The Showdown: What Happened?

The author tested these two detectives on real-world data from German hospitals (like zip codes, dates, and phone numbers).

1. The "Zip Code vs. County Name" Test:

  • Scenario: The crowd is mostly 5-digit numbers (Zip Codes). The intruders are names like "Frankfurt" or "Berlin."
  • Winner: Detective #2 (The Pattern Hunter).
  • Why: It quickly realized, "Ah! The rule is 'Exactly 5 digits'." Any name with letters immediately fails the rule. It was perfect.
  • Detective #1 struggled a bit because some county names happen to be 5 letters long, making them look like they belong in the crowd.

2. The "Zip Code vs. Phone Number" Test:

  • Scenario: The crowd is 5-digit numbers. The intruders are phone numbers (which are also just numbers, but longer).
  • Winner: Detective #1 (The Crowd Watcher).
  • Why: The Pattern Hunter got confused. It tried to write a rule for "numbers," and since both groups are numbers, the rule became too loose.
  • Detective #1 looked at the crowd and said, "Hey, the Zip Codes are all packed tightly together in a small space.
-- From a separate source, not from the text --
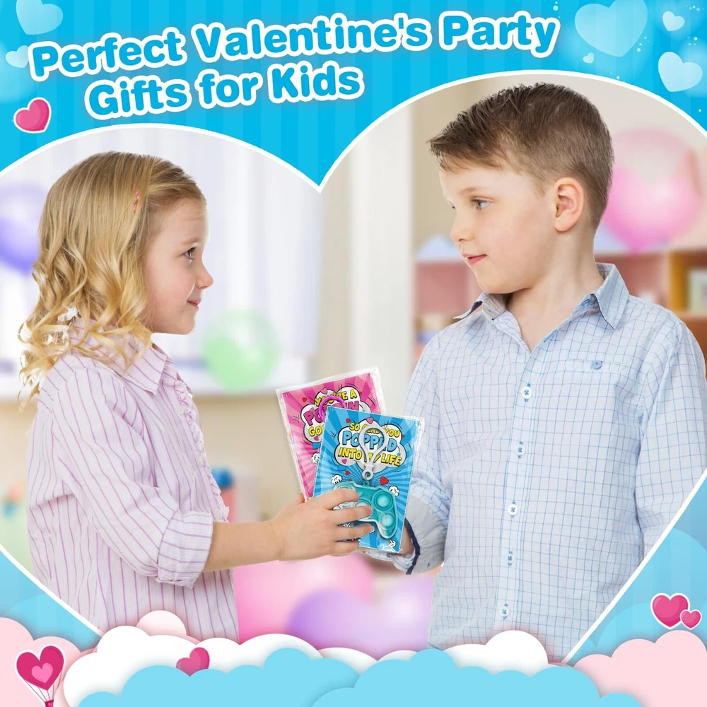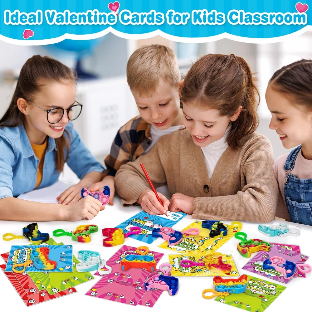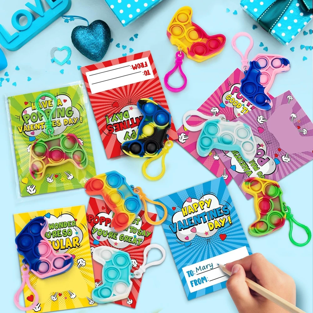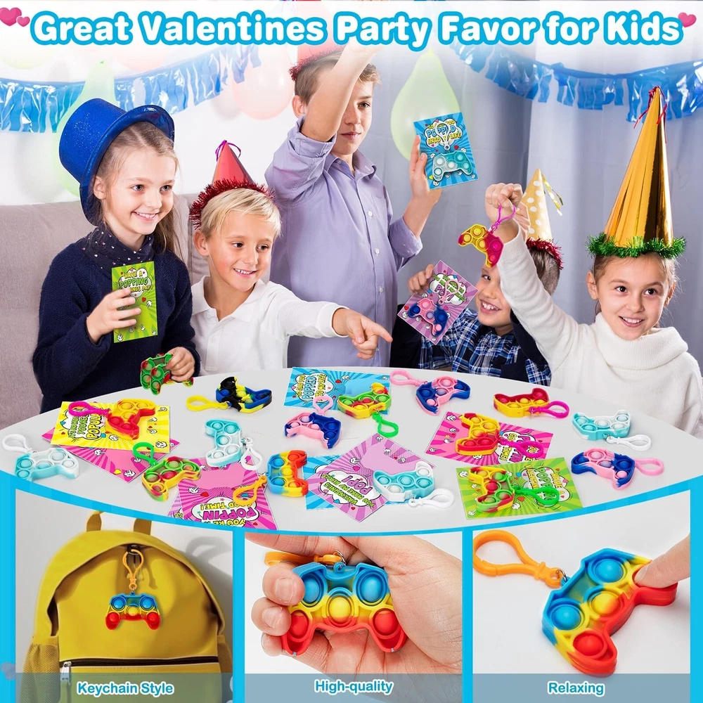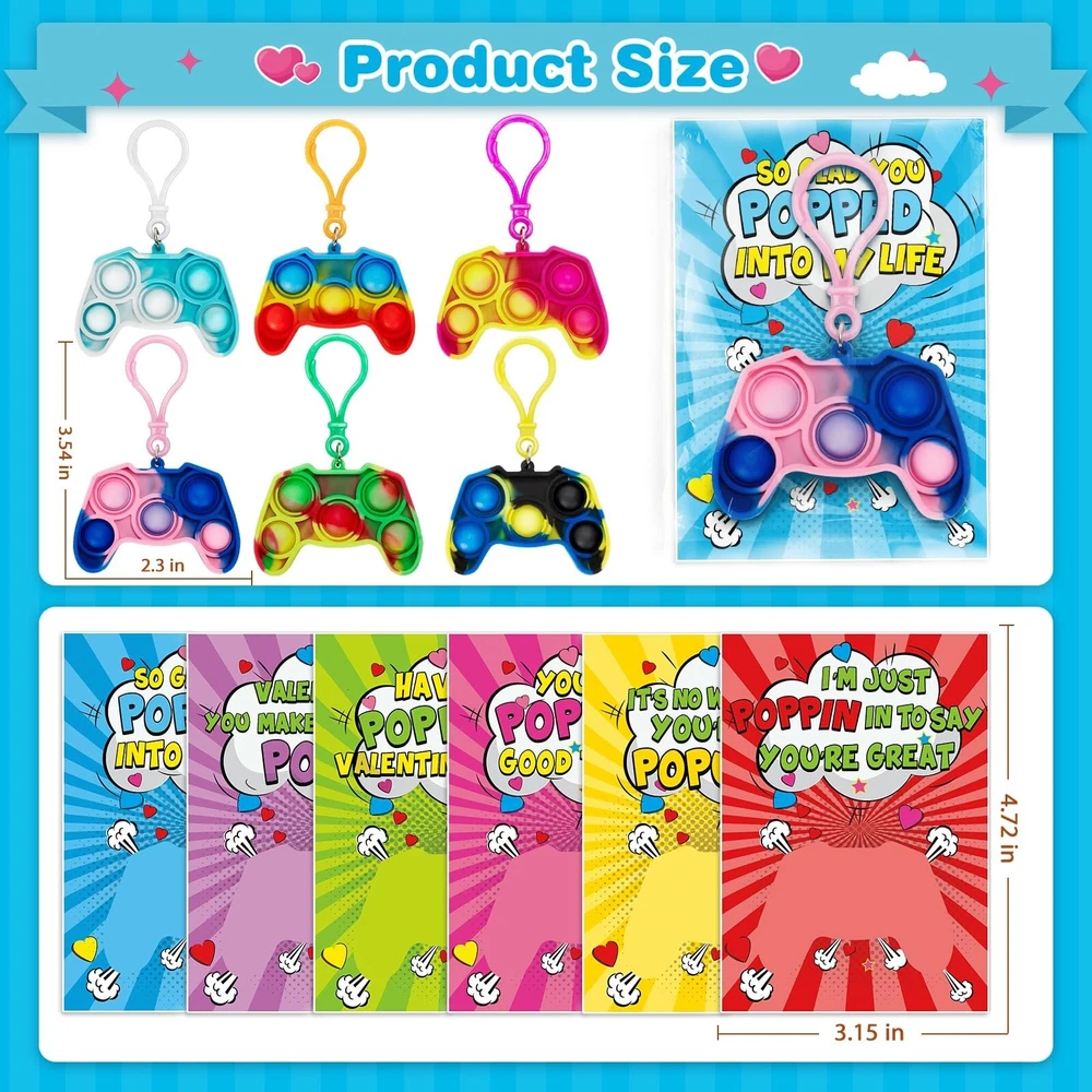 Jumlys Valentines Cards for Kids Classroom, 24 Pack Game Shape Pop Fidget Keychains Bulk, Valentines Gifts for Kids School, Ideal Exchange Prizes & Party Favors for Boys Girls Product Details Color: Multicolor Included Components: Paper Brand: Jumlys Item dimensions L x W x H: 1 x 0.3 x 1 inches Item Weight: 0.1 Pounds Product Dimensions: 1 x 0.3 x 1 inches Item Weight: 1.6 ounces Country of Origin: China Item model number: Valentine pop keychain Manufacturer recommended age: 36 months - 3 years Department: Unisex Kids Manufacturer: Jumlys Value Valentines Day Card Set For Kids - The package contains 24 cards with 6 different designs, and 24 pop fidget toys key chains with 6 colors. It is sufficient quantity can meet the needs of kids in various parties and is suitable for Valentine's Day gifts and classroom activity prizes, they will surprise the kids in Valentine's Day. Various Unique Designs - Our pop fidget toys key chains contain 6 different mixed color designs, and the cards are also designed with 6 different colors, which looks very colorful. Assembling the pop fidget toys key chains and cards together, the bright colors and unique designs immediately attract the attention of children, which is definitely an ideal choice for Valentine's Day gifts. Fun Toys for Boys and Girls - Our pop fidget key toy is made of high-quality materials, soft and flexible. Pressing it will be very relaxing, helping you get rid of stress, providing a pleasant and calming sensory experience, and the matching key chain can also be hung on school bags, keys, pencil cases, etc. Prepare this pop fidget key chain for your children and let them enjoy it at the Valentine's Day party. Ideal Valentines Day Exchange Gifts - Kids can write the name of the person they want to give on the card, and give these Valentine's Day cards to classmates, friends or family to express love for them. Let the children spend an unforgettable Valentine's Day together by exchanging Valentine's Day cards in class. Suitable For Many Occasion - This Valentines Day cards kit is perfect for children entertainment, kids Valentine's party favor supplies, preschool or elementary school classroom prize, school classroom gift exchange, class Valentine's event or any Valentine's occasions. Any child will be surprised and delighted to receive them.
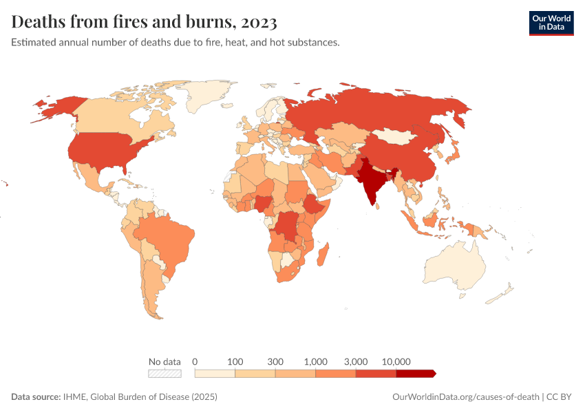 IHME, Global Burden of Disease (2025) – with major processing by Our World in Data. “Deaths from fires and burns – IHME” [dataset]. IHME, Global Burden of Disease, “Global Burden of Disease - Deaths” [original data]. Retrieved April 14, 2026 from https://data-childlabor-ilounicef.owid.pages.dev:8789/20260323-160356/grapher/deaths-from-fires-and-burns.html (archived on March 23, 2026).

These phone numbers are standing way over there in a different spot." It spotted the distance difference perfectly.

The Big Takeaway

There is no single "best" detective. It depends on the crime scene:

  • Use the Pattern Hunter (Regex) when the "normal" data has a very strict, rigid structure (like dates, zip codes, or ID numbers) and the outliers break that structure completely.
  • Use the Crowd Watcher (LOF) when the data is messy, or when the outliers are the same type of thing as the normal data but just have different lengths or slight variations (like house numbers vs. zip codes).

In summary: This paper teaches us that to clean up messy text data, we need to know our data's personality. If the data is rigid, use a rule-maker. If the data is fluid and clustered, use a crowd-watcher. By combining these tools, we can automate the cleaning of system logs, databases, and user inputs much more effectively.